The results were predictable—if not to the Quora management team then, at least, to serious observers. The quantity of the questions exploded while the quality of the questions fizzled. Still, the number of member questioners continued to grow, with more people than ever signing up to participate in the monetization plan—generating quick, easy money for doing what came naturally: asking questions.
Just as predictably, the accuracy of the answers by people interested more in building a name for themselves than in providing valuable information plummeted. Instead of experts, many answerers proved to be money-making machines. For every authoritative answer, Quora visitors had to wade through ten times that many nonsense responses. And those were for the questions that made sense. Many members who were ill-equipped or not equipped at all to ask questions began doing so, anyway, and a growing number of those questions weren't even decipherable.

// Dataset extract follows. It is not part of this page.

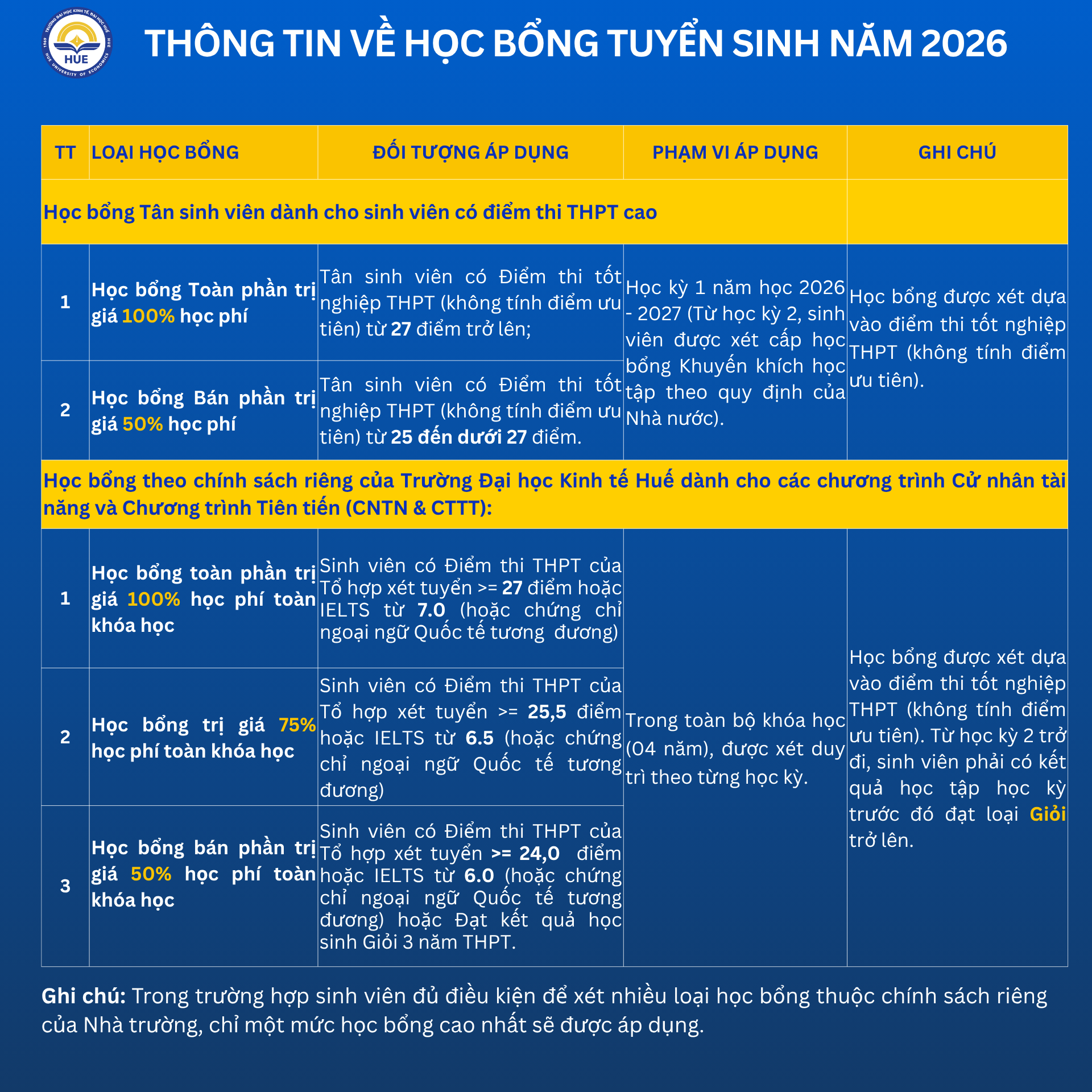Trường Đại học Kinh tế Huế triển khai nhiều chính sách học bổng hấp dẫn dành cho tân sinh viên năm 2026

It didn't take more than a few months from the program's inauguration before I noticed just how far afield some of the answers were becoming—particularly in the areas devoted to writing, publishing, and editing, understandably fields close to my own heart. The number of appropriate or even accurate responses rose as the questions became more ludicrous. Worse, many of the answers were so poorly thought-out that following their advice could work to the readers' detriment—not to mention to any thoughts of literary careers those readers may have harbored!

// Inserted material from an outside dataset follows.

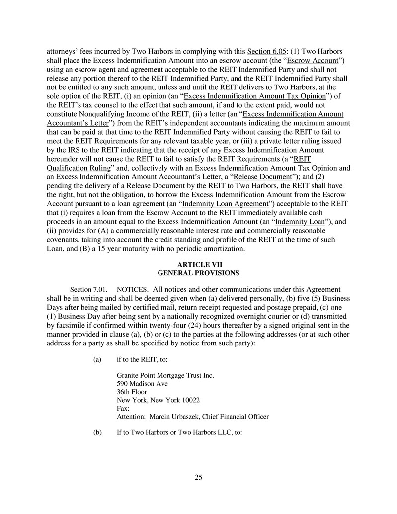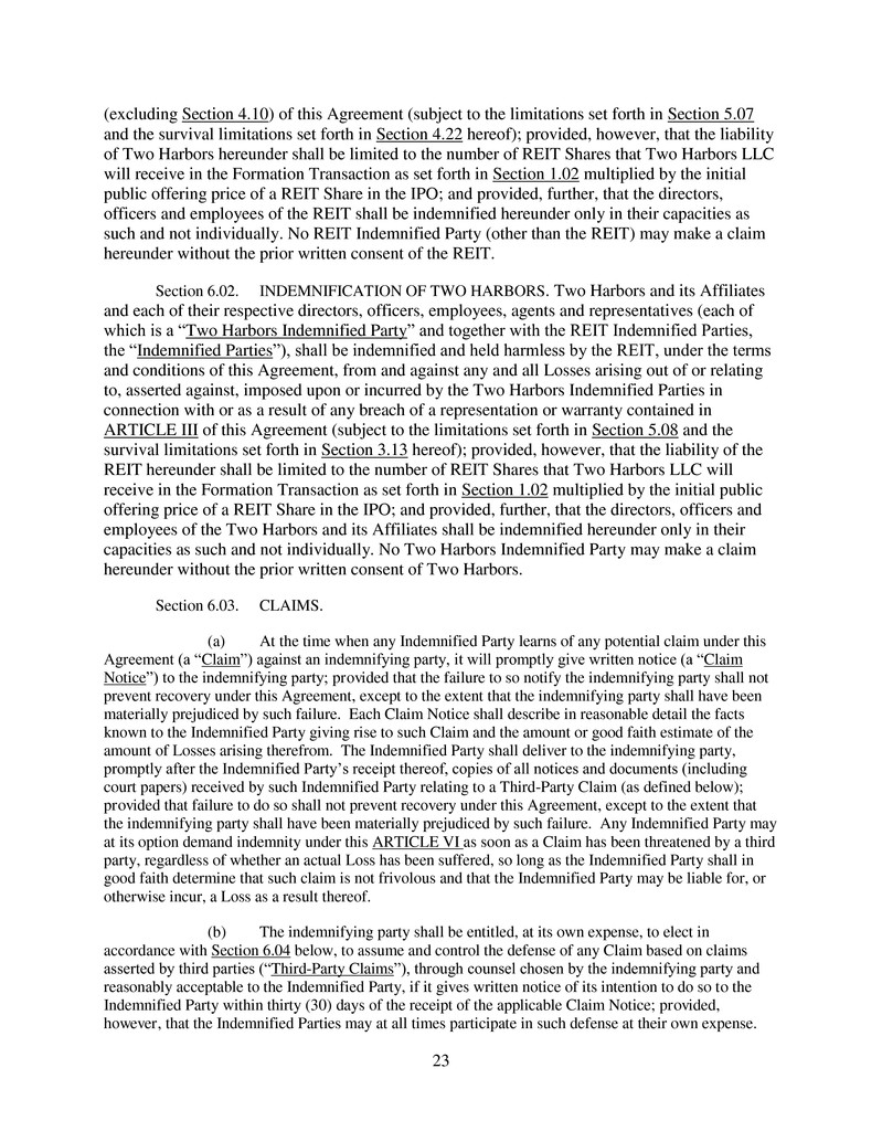 Section 6.02. INDEMNIFICATION OF TWO HARBORS ......................................... 23

The same fate, not surprisingly, fell upon other social-media giants, including Facebook and Twitter. Today, while Quora, Facebook, Twitter, Yahoo Answers, and other social-media sites boast more than billions of combined, unique monthly visitors, the genuineness of the questions and the answers' reliability hover at an all-time low.
Unfortunately, this negative pattern of meaningless questions and incongruous responses comes when the number of people working at home continues to escalate in response to the changing pattern of the American scene. And many of these people want to know about the general field of writing, both as a worthy avocation and as a potential career move. As Amazon's Kindle Direct, Ingram's Spark, and others push to gain market share in the field of Print on Demand, the need for accurate and informed information has never been greater. Despite that need, a growing dearth of honest, accurate, educated, and complete answers to questions related to all areas of writing and publishing remains. This ranges from how to get motivated to write and how to write a dynamite first line for that new book you've been planning for years to how to become a published author (conventionally vs. self-published), how to market your work, how to find a reliable agent, and how to pitch a book or script to Hollywood.